Kidney Problems in Certain Groups
“While research has shown that high protein intake does not cause kidney disease in healthy individuals, it can accelerate decline in those already living with chronic kidney disease or diabetes,” says Maloney. Basically, when you consume protein, your body produces urea, a byproduct that must be filtered and excreted by the kidneys, she explains. “For someone with already compromised kidney function, this added burden can cause further damage over time,” Maloney says.

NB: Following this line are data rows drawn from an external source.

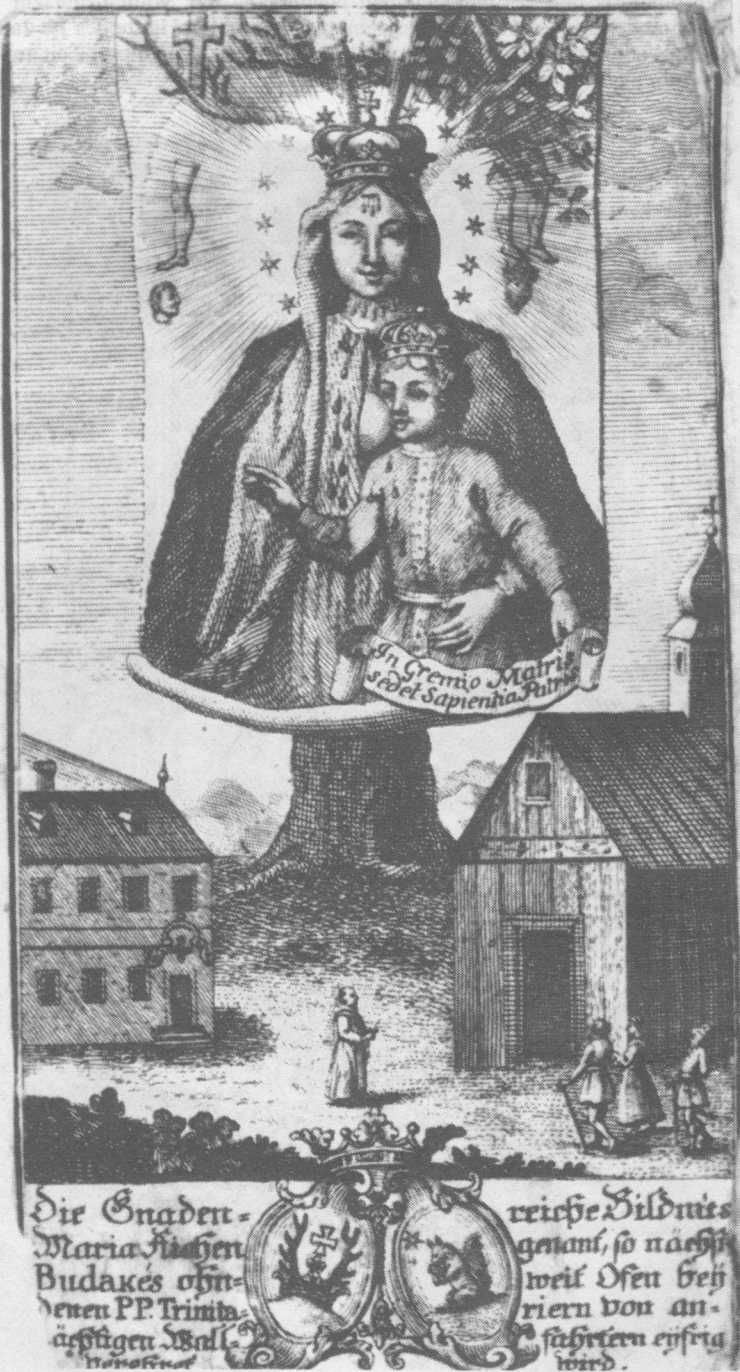
Budakeszi – Makkosmária. Imalap – 1748 k. – rézmetszet – 110x62 mm (lapméret). Dubay Miklós gyűjteménye, Budapest.
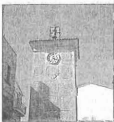
La torre dell'orologio

SAN MAURO FORTE - Oltre cento firme contro il lodo Alfano sono state raccolte dalla sezione di Sinistra Democratica di San Mauro Forte. La raccolta firme è a favore del referendum contro il cosiddetto lodo Alfano, la norma sull'immunità alle maggiori cariche dello Stato. La raccolta di oltre 100 firme in una sola giornata testimonia la sensibilità dimostrata dalla cittadinanza rispetto a questi temi. Continueranno anche nei prossimi mesi iniziative di sensibilizzazione come queste ed anche altre come quella programmata per la fine di novembre, con cui la locale sezione di Sd
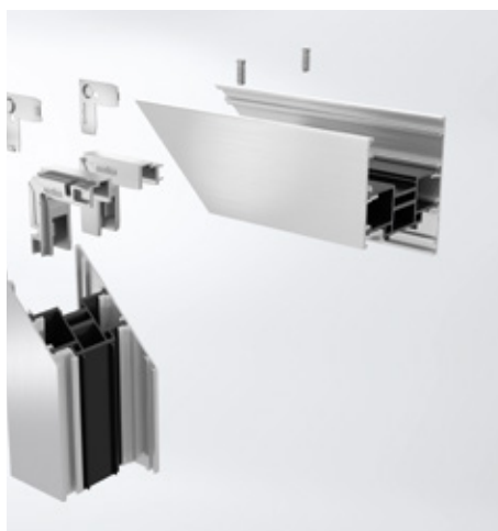
Varianta šroubovatelné rohové spojky Screw-type corner cleats are an option
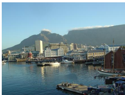
Blick von der Victoria u. Alfred Waterfront

In zahlreichen Lokalen kann man auf der Terrasse sitzen und bei Wein oder Bier und einer Vielfalt internationaler Speisen über die City hinweg direkt auf die Steilwand des Tafelbergs schauen.
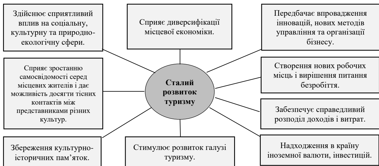
Рис. 3.3. Вплив ППП на забезпечення сталого розвитку туризму

Вплив публічно-приватного партнерства на забезпечення сталого розвитку туризму представлено на рис. 3.3.
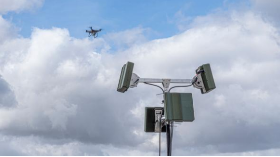
مكافحة الطائرات المسييرة (مضادة للطائرات بدون طيار)
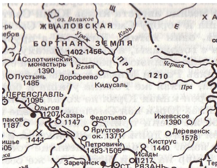
Рис. 1. Территория современного Спасского района в 15-16 веках (цифры на карте – год первого упоминания в летописи) (из книги Цепкова, 1995)

В XIV-XV веках междуречье Пры и Белой известно как Жваловская бортная земля . На картах начала 15 века уже отмечено Дорофеево, Кидусаль и река Белая (рис. 1).
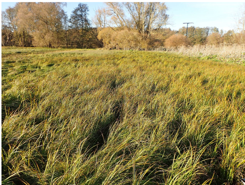
Abb. 3: Aufgelassenes Wirtschaftsgrünland im Recknitztal bei Gruel (Fundort 38).
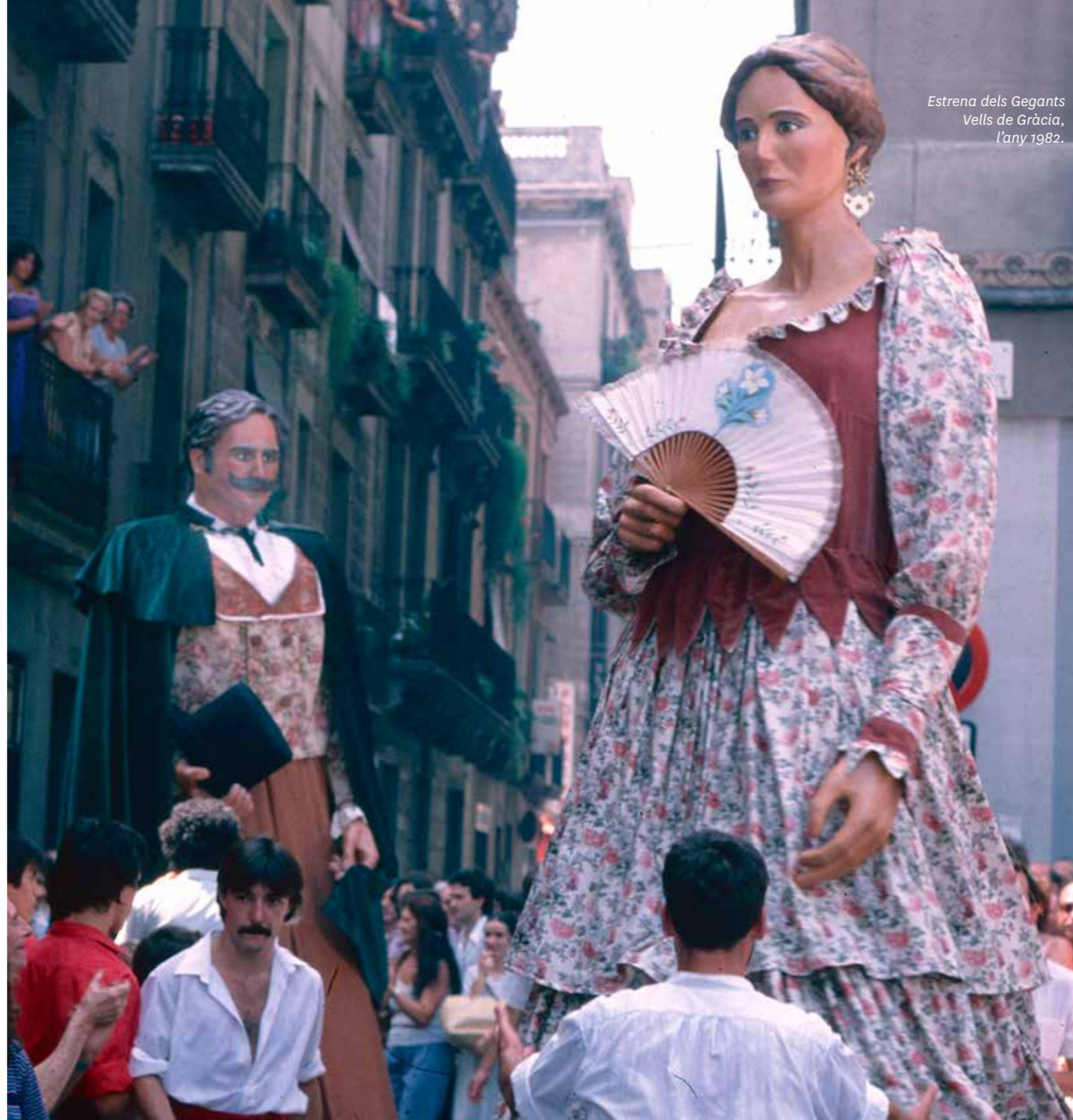
Estrena dels Gegants Vells de Gràcia, l'any 1982.
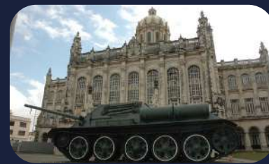
Museo de la Revolución
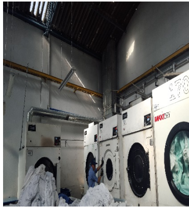
FOTOGRAFÍA 3. SECADORAS
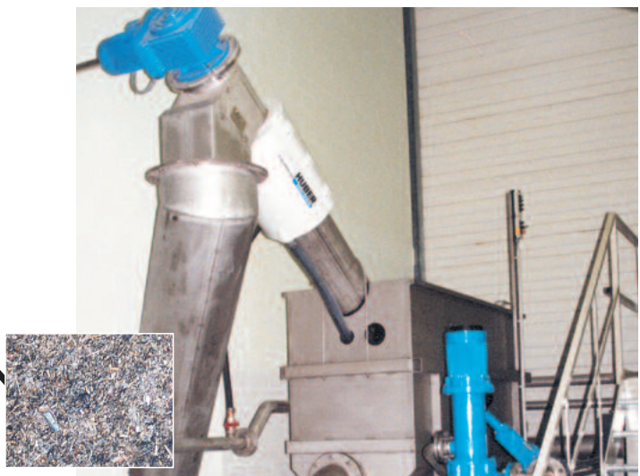
Absieben bei 1 mm und Entwässern (TR ca. 30%) der organischen Stoffe mit der HUBER Siebanlage ROTAMAT®.
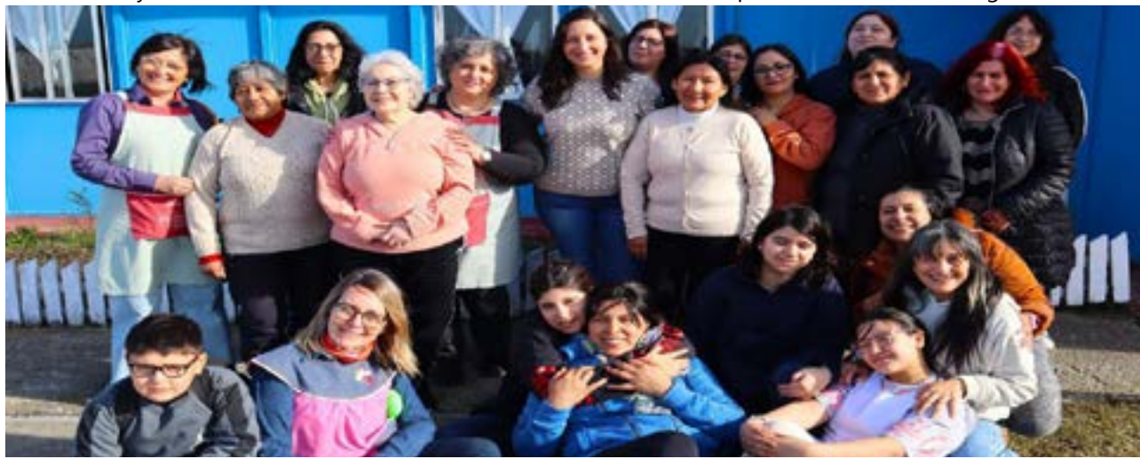
La propuesta fue organizada por el Municipio de Río Grande, a través de la Secretaría de Género y Desarrollo Comunitario, junto con la Subsecretaría de Cultura.

la educación y el trabajo conjunto, fortaleciendo los lazos que nos unen como riograndenses.
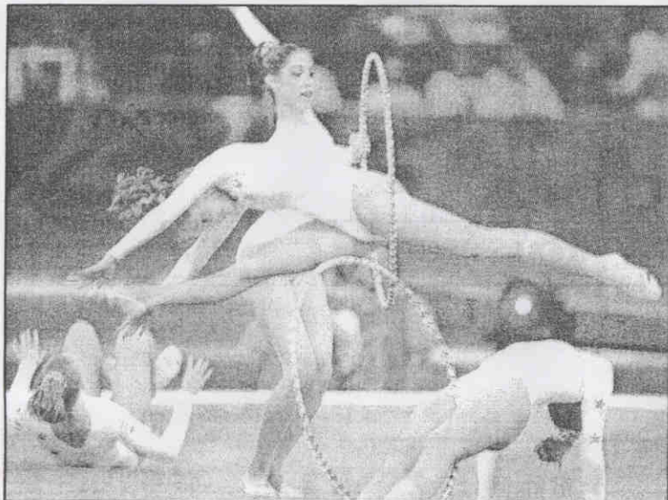
花環 ▲美國韻律體操隊在奧運體操秀，演出環團體舞的精采畫面。

兩個小時的精采表演，再配上亮麗、五彩燈光、美妙及震撼人心的音樂，使得觀眾看得陶醉過癮，遠勝主戲體操比賽。
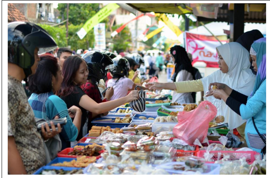
Pasar Sore Bulan Ramadhan
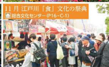
11月 江戸川「食」文化の祭典
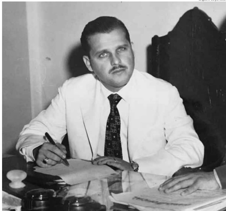
Ainda jovem, Afrísio Vieira Lima se destacou como vereador e deputado estadual pela Bahia
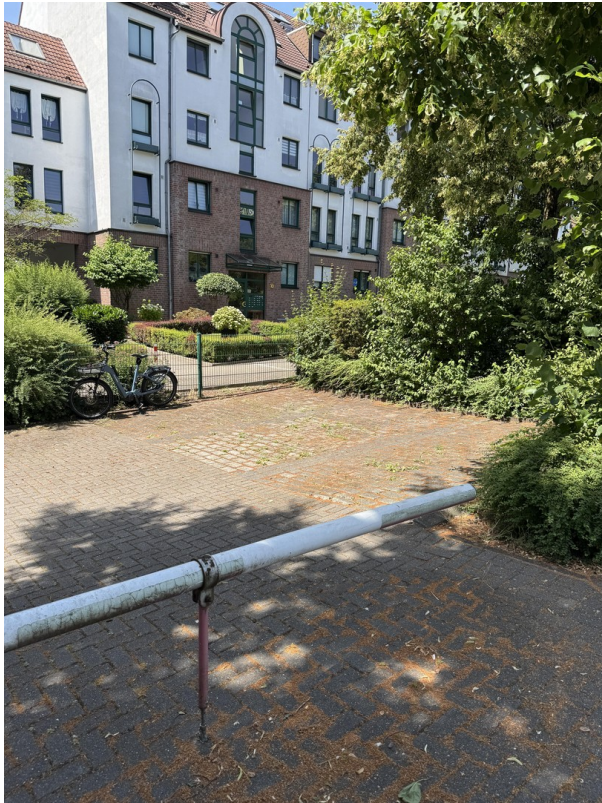
PKW-Stellplätze vor dem Haus
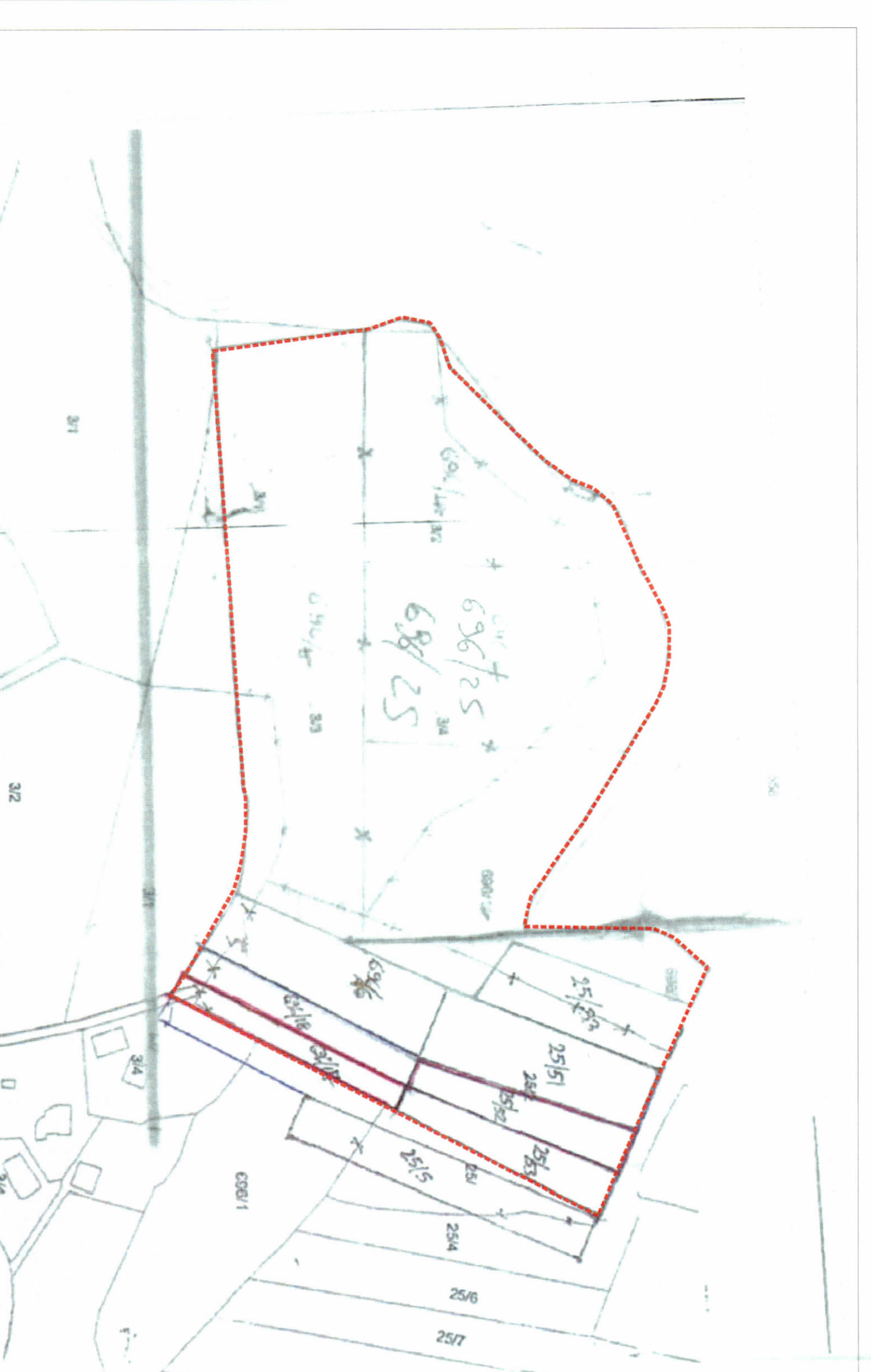
POZICIONI KADASTRAL SHK. 1:2000

Veti : 35.8 m, 3.5 m Pentdim : 47.6 m, 57.1 m Jug : 4.3 m, 7.2 m Lindje : 4 m, 4.1 m
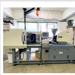
プラスチック電動式射出成型機(30t) 日精樹脂工業製【NEX300】
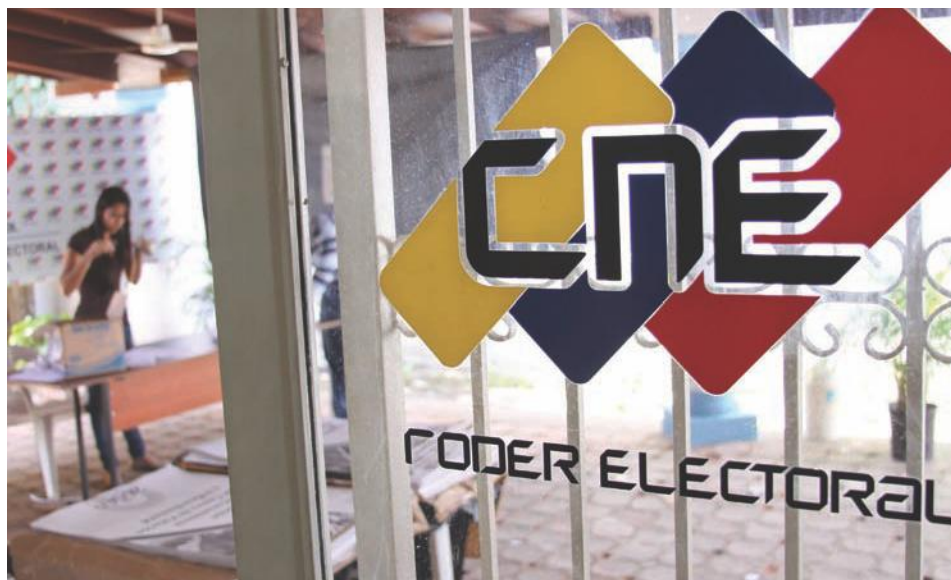
Para la derecha criolla, sus fracasos electorales son culpa del CNE

“Eramos felices y no lo sabíamos”, repiten por las redes sociales quienes pretenden hacer ver que el pasado “puntofijista”, caracterizado por el saqueo y la entrega de nuestros recursos a la potencia del Norte, del “cuánto hay pa’eso”, del agotamiento del modelo político y económico que explotó con “el Caracazo” en 1989 y la rebelión del 4 de febrero de 1992, no son sino invenciones del réeeegimen, asegurando que “el modelo socialista fracasó”.
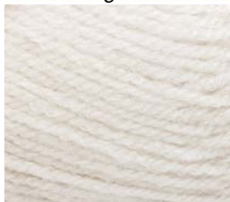
004 c. écru
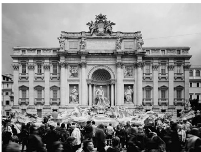
L'incisione di Giovan Battista Piranesi della Fontana di Trevi a confronto con la fotografia di Gabriele Basilico.

fotografate della capitale, un tempo meta del Grand Tour e oggi del turismo di massa. O ancora la fotografia delle chiese di Santa Maria di Loreto e del Santissimo Nome di Maria al Foro Traiano, dove campeggiano i manifesti della costruzione della Metro C. Tanti piccoli frammenti di contemporaneità arricchiscono le fotografie di Basilico, raccontandoci di una città in cui la monumentalità si mescola con il quotidiano di una metropoli complessa. Quello tra Piranesi e Basilico diventa dunque un confronto tra modi di rappresentare lo spazio urbano e il proprio tempo, per celebrarlo o metterne in luce le contraddizioni.
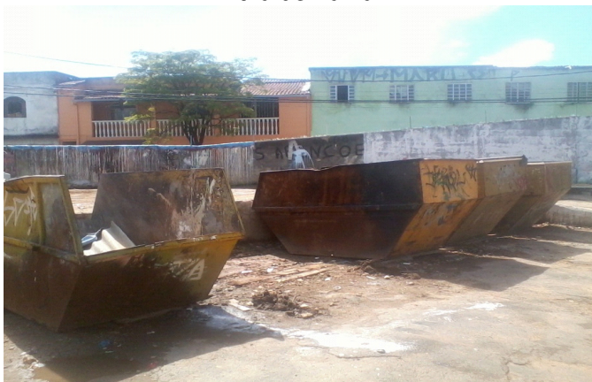
FIGURA 5 - Local de transbordo, triagem e acomodação das caçambas da URPV Átila de Paiva.
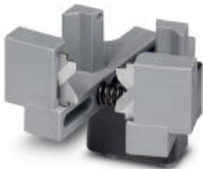
Replacement knife for the automatic stripping and crimping device CF 3000-2,5

Please be informed that the data shown in this PDF Document is generated from our Online Catalog. Please find the complete data in the user's documentation. Our General Terms of Use for Downloads are valid ( http://download.phoenixcontact.com )
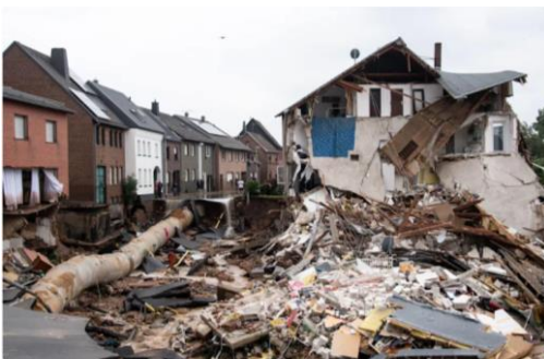
Inondations en Allemagne

la désolation et la mort, se produisant lors d'aléas climatiques particulièrement violents .
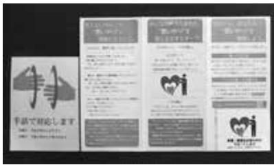
窓口の案内と「サポートハートマーク」のリーフレット
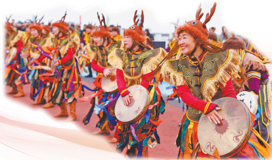
开江文化周——祈福祭祀

同江市是集铁路、水运、公路于一体的对俄口岸城市，也是全国赫哲族人口最集中的聚居地。当前，同江市立足向北开放前沿区位，以中俄博览会和哈洽会重要窗口、主阵地与加速器，推动通道优势向产业优势、发展优势转化。在中俄经贸合作、非遗文旅融合、特色产业升级、新质生产力培育等领域，同江正持续突破，以一域之光为全省高质量发展增光添彩。
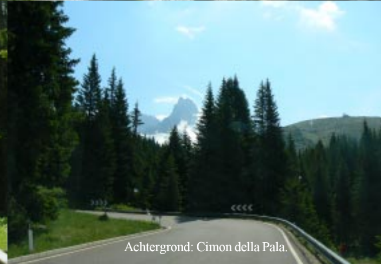
Achtergrond: Cimon della Pala.
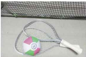
ミニテニス (5セット)
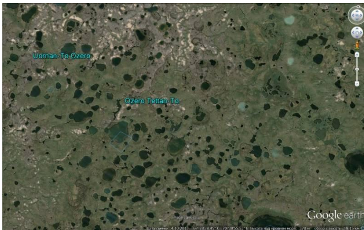
Рисунок 1 – Вся земля тут испещрена дырами, ставшими озерами

По мнению ряда исследователей, полуостров Ямал может скрывать ещё большее количество воронок, пока что не обнаруженных учёными и местными жителями. Если учесть размеры полуострова (700 на 240 километров) и его крайне малую заселённость, в это несложно поверить. К тому же эти аномальные дыры могли превратиться в озера, а их на полуострове великое множество (рисунок 1). Распознать же в водоёме бывший провал без специального исследования крайне затруднительно.
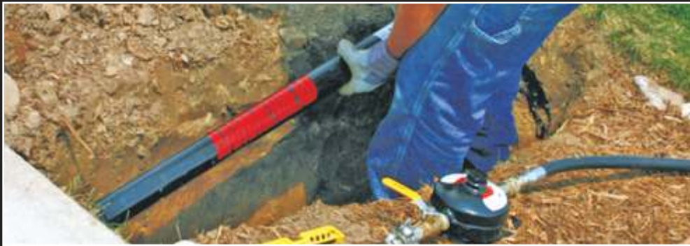
DELİK DELME EKİPMANLARI
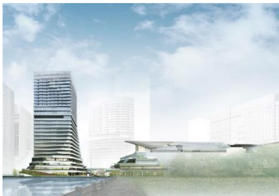
「WATERS takeshiba(ウォーターズ竹芝)」外観イメージ

メズム東京では、“TOKYO WAVES”をコンセプトに、東京の“今”に根ざした、ゲストの五感を心地よく魅了するオリジナルな体験の提供だけでなく、豊かな竹芝の地域資源と芸術の一体感を活かし、都会のエネルギーとクリエイティビティーが会う東京のライフスタイルのアイコンとなることを目指します。

The Source of Protein Matters
Yes, getting enough protein is important. But it’s even more important to consider where your protein is coming from.
“We should focus more on lean protein sources so that we can meet our protein needs without increasing saturated fat intake in the process,” says Maloney. “Having too much saturated fat in the form of high-fat meats or [full-fat] dairy increases the risk of cardiovascular disease long term,” she adds.
Pasquariello agrees, noting that it’s recommended to get more protein from lean and plant-based sources, rather than fattier processed meats and cheeses. Otherwise, “there is no reason to eat above your body’s protein needs for a long period of time simply for the sake of doing so,” says Pasquariello.